Submitted April 16, 2003
Accepted September 22, 2003
Prior chemotherapy and allograft CD34+ dose impact donor engraftment following nonmyeloablative allogeneic stem cell transplantation in solid tumor patients
Cristian Carvallo, Nancy Geller, Roger Kurlander, Ramaprasad Srinivasan, Othon Mena, Takehito Igarashi, Linda M Griffith, W Marston Linehan, and Richard W Childs*
Urologic Oncology Branch, National Cancer Institute, National Institutes of Health, Bethesda, MD, USA
Office of Biostatistics Research, National Heart, Lung, and Blood Institute, National Institutes of Health, Bethesda, MD, USA
Department of Laboratory Medicine, Warren Magnuson Clinical Center, National Institutes of Health, Bethesda, MD, USA
Department of Transfusion Medicine, Warren Magnuson Clinical Center, National Institutes of Health, Bethesda, MD, USA
Hematology Branch, National Heart, Lung, and Blood Institute, National Institutes of Health, Bethesda, MD, USA
* Corresponding author; email: childsr{at}nhlbi.nih.gov.

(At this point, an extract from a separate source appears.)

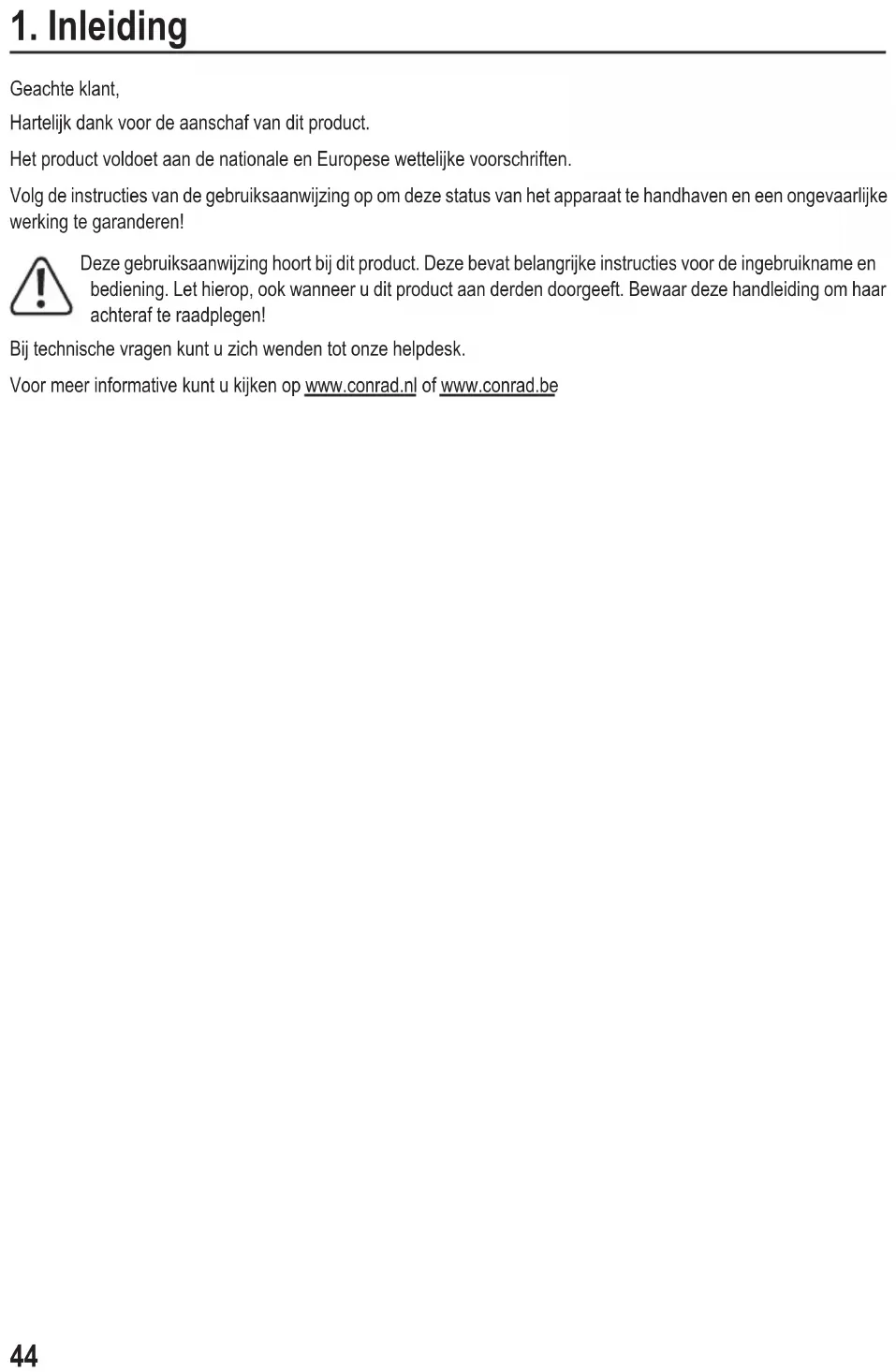 Geachte klant, Hartelijk dank voor de aanschaf van dit product. Het product voldoet aan de nationale en Europese wettelijke voorschriften. Volg de instructies van de gebruiksaanwijzing op om deze status van het apparaat te handhaven en een ongevaarlijke werking te garanderen! Deze gebruiksaanwijzing hoort bij dit product. Deze bevat belangrijke instructies voor de ingebruikname en bediening. Let hierop, ook wanneer u dit product aan derden doorgeeft. Bewaar deze handleiding om haar achteraf te raadplegen! Bij technische vragen kunt u zich wenden tot onze helpdesk. Voor meer informative kunt u kijken op www.conrad.nl of www.conrad.be45

Significant engraftment variability occurs among patients following nonmyeloablative hematopoietic cell transplantation. We analyzed the impact of multiple factors on donor myeloid and T-cell engraftment in 36 patients with metastatic tumors undergoing cyclophosphamide/fludarabine-based conditioning. Higher
CD34+ doses facilitated donor myeloid engraftment while prior chemotherapy exposure facilitated both donor myeloid and T-cell engraftment. At day 30, median donor T-cell and myeloid chimerism was 98% and 76% respectively in those with prior chemotherapy versus 88% (p=0.008) and 26% (p<0.0001) in chemotherapy-naive patients. Donor myeloid chimerism at day 45 was predicted by prior chemotherapy exposure and the log10 of the CD34+ dose (adjusted R2=.47, p< 0.0001), while chemotherapy alone impacted donor T-cell engraftment. Patients with prior chemotherapy were more likely to develop acute grade II-IV GVHD (8/18) compared to chemotherapy-naive patients (2/18; p=0.031). Thus, tailoring the intensity of nonmyeloablative conditioning based on prior chemotherapy exposure is an important consideration in trial design.